The best teachers understand that even a perfect lesson plan won’t help students learn if they aren’t engaged. Keeping students actively involved in classroom activities that stimulate thinking, encourage interaction and support collaboration gets kids excited to learn.

Televisions have been used in the classroom to augment teaching for more than fifty years for just this purpose.  At first, TVs primarily provided recorded lectures and educational television programs. But classroom tech has come a long way in the last half century. Today’s educators bring new life to the classroom by integrating television with technology to create a more engaged classroom.

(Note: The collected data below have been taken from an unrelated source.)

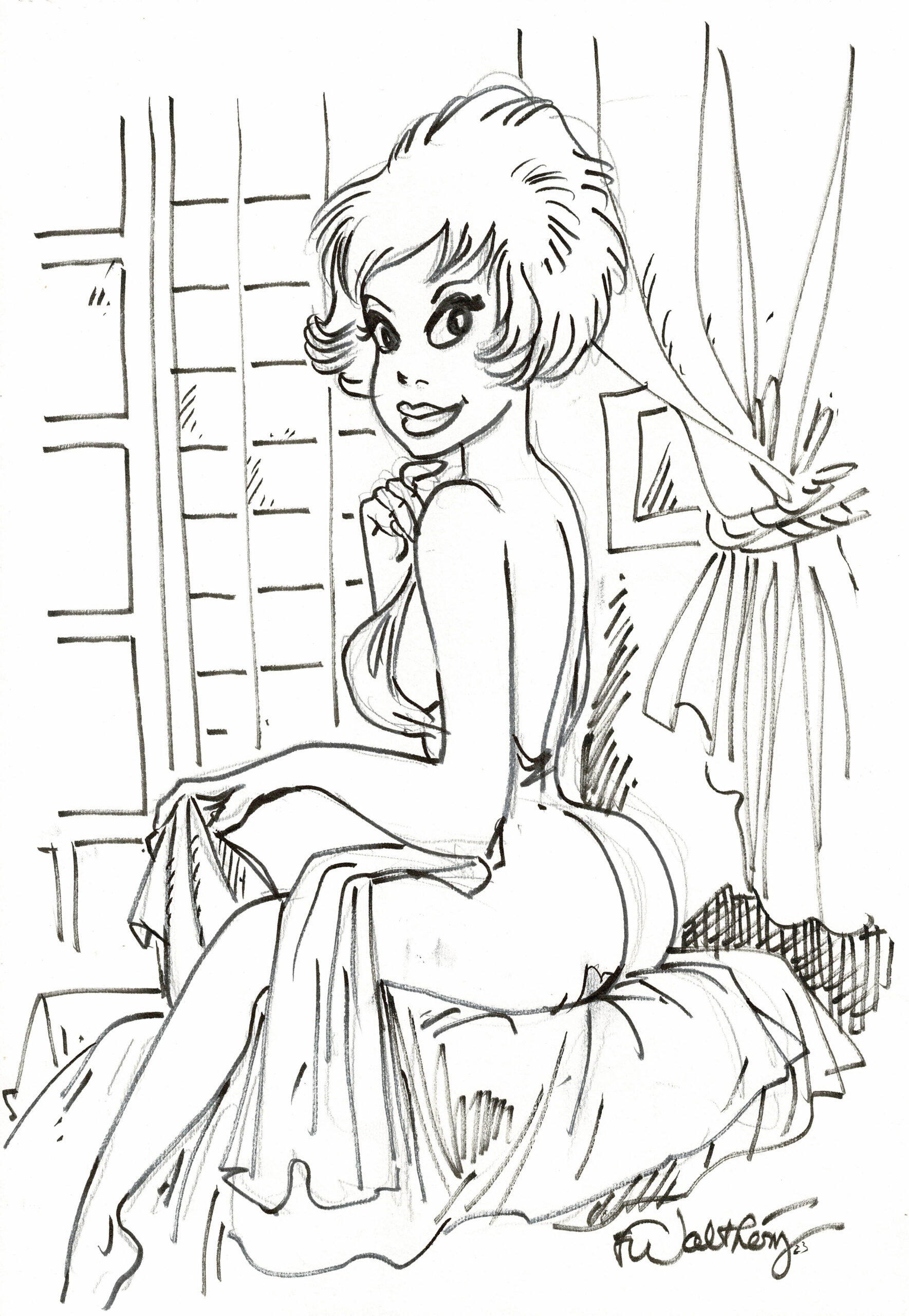 Natacha, dessin original à l’encre de chine, cachet de Walthéry au verso. Dimensions : 42 cm x 29,5 cm.
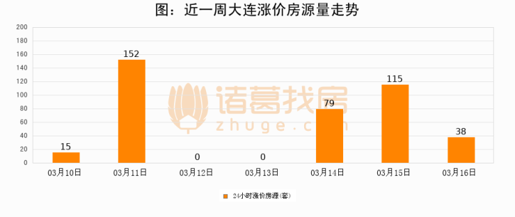 根据诸葛找房数据显示,大连24小时涨价房源量为38套,较03月15日减少77套,环比下降67%。与此同时,涨价房源占比小幅回落,对于购房者来说是一个入市窗口期,购房者可抓住时机入市。
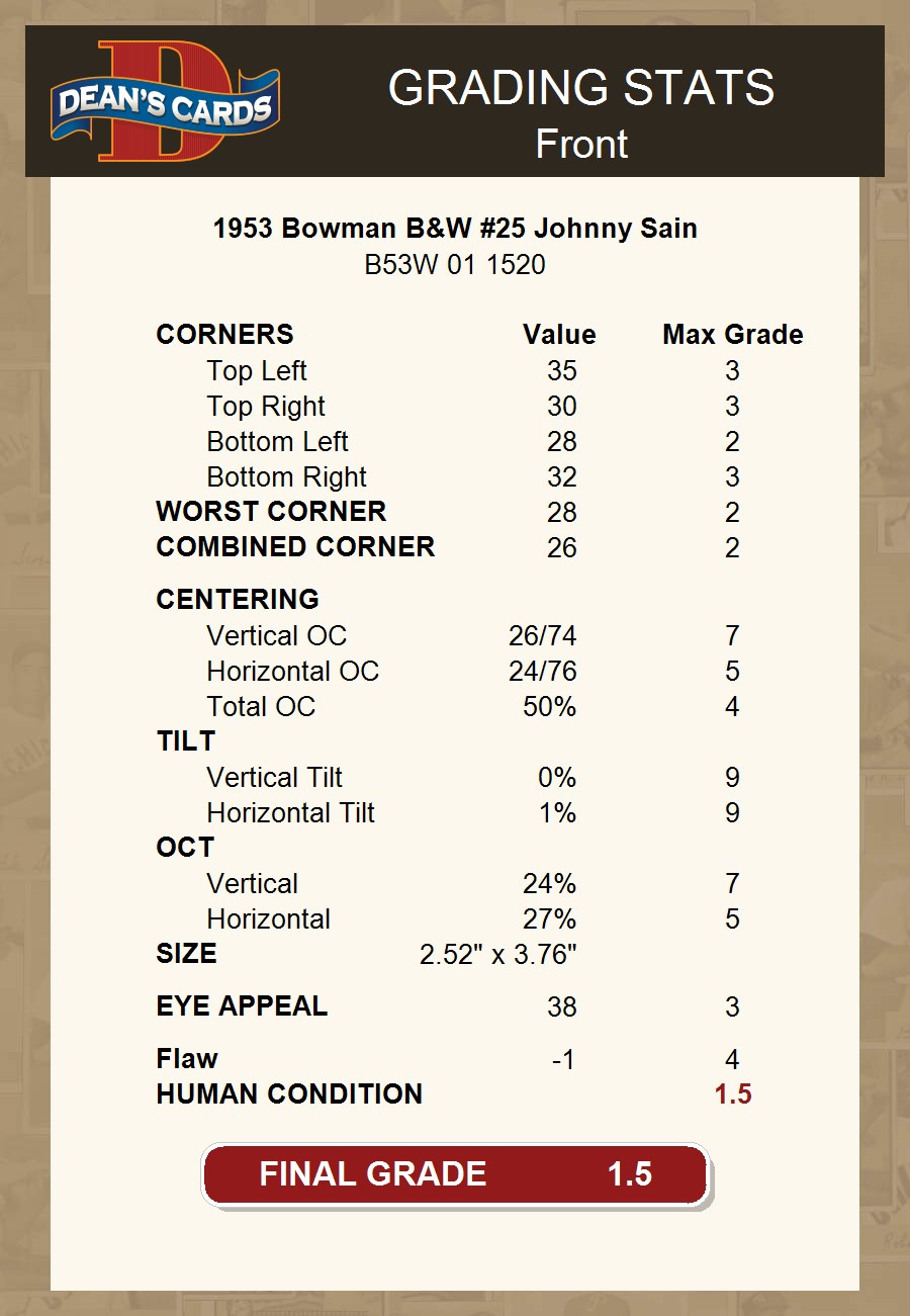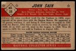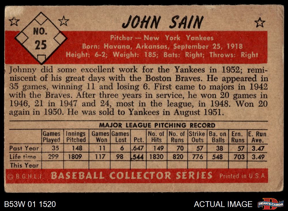 1953 Bowman B&W #25 Johnny Sain 1.5 - FAIR
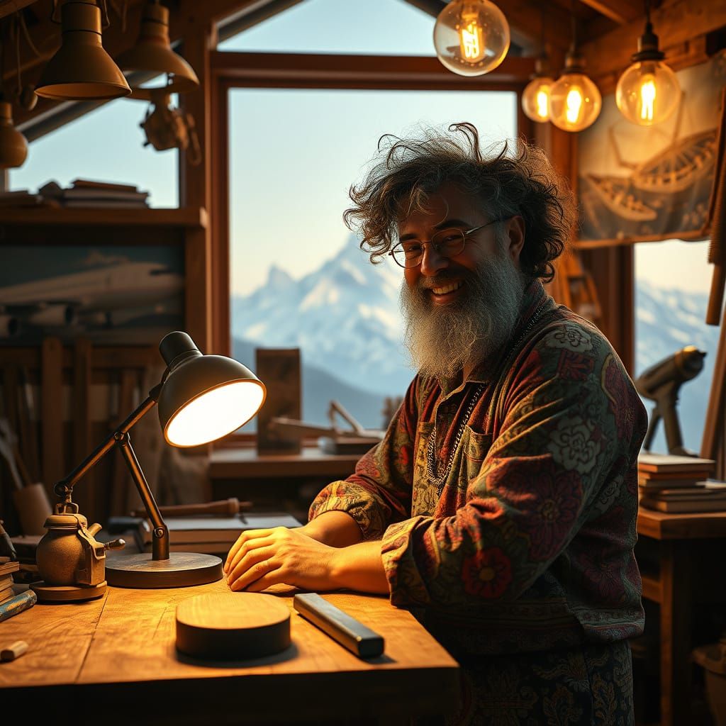 This image captures a young man with unruly silver hair, working in a cozy, modern workshop, surrounded by vibrant colors and intricate patterns, with a breathtaking snow-capped landscape in the background, infused with a sense of wonder and mystique, reminiscent of Syd Mead's and H.R. Giger's works
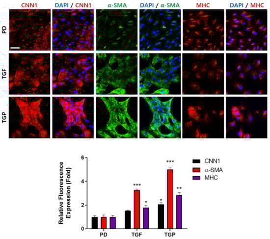 Immunocytochemical analysis of α-SMA, CNN1, and SM-MHC protein expression in differentiated SMCs: PD; PD98059, TGF; TGF-β1, TGP; PD98059 and TGF-β1. Scale bar indicates 50 μm: * p < 0.05, ** p < 0.01, *** p < 0.005, * vs. PD.
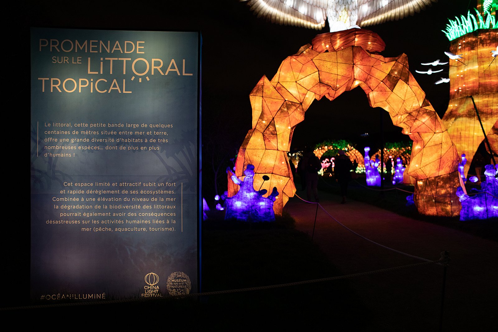 Océan en voie d’illumination proposait aux visiteurs de plonger dans l’immensité des océans, à la découverte de formes de vie majestueuses, fascinantes, parfois surprenantes. 50 tableaux et des centaines de structures lumineuses monumentales étaient à découvrir au fil d’un parcours mettant en scène quatre milieux marins.— Ocean en Illumination invited visitors to dive into the vastness of the oceans, to discover majestic, fascinating and sometimes surprising life forms. 50 paintings and hundreds of monumental light structures were to be discovered along a route depicting four marine environments.
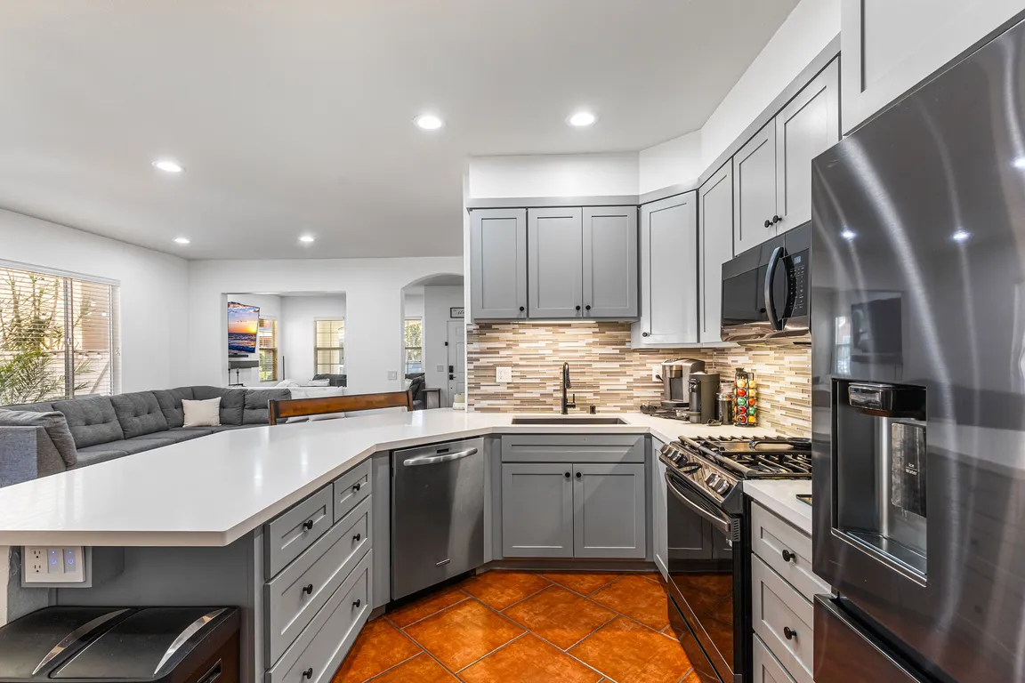 Private backyard oasisOpen-concept layoutUpstairs primary suiteDurable epoxy flooringCustom wood pergolaExtensive built-in storage cabinetryTile and hardwood flooring

The New Age of Tech in the Classroom: Smart TVs, Apple TVs, and Whiteboards

Many of the teachers who bring tech into the classroom use one of three tools. Smart TVs are similar to traditional televisions, but they can connect to the Internet, allowing streaming of programs, videos and apps. Apple TVs are devices that, when used with an iPad and a projector or television screen, can stream like a Smart TV, but also allow all of the information on the iPad to be mirrored or shown on the projector. Interactive whiteboards, while not technically TVs, when connected with a projector and laptop, are often used interchangeably with the high tech TVs, replacing traditional whiteboards and DVD players.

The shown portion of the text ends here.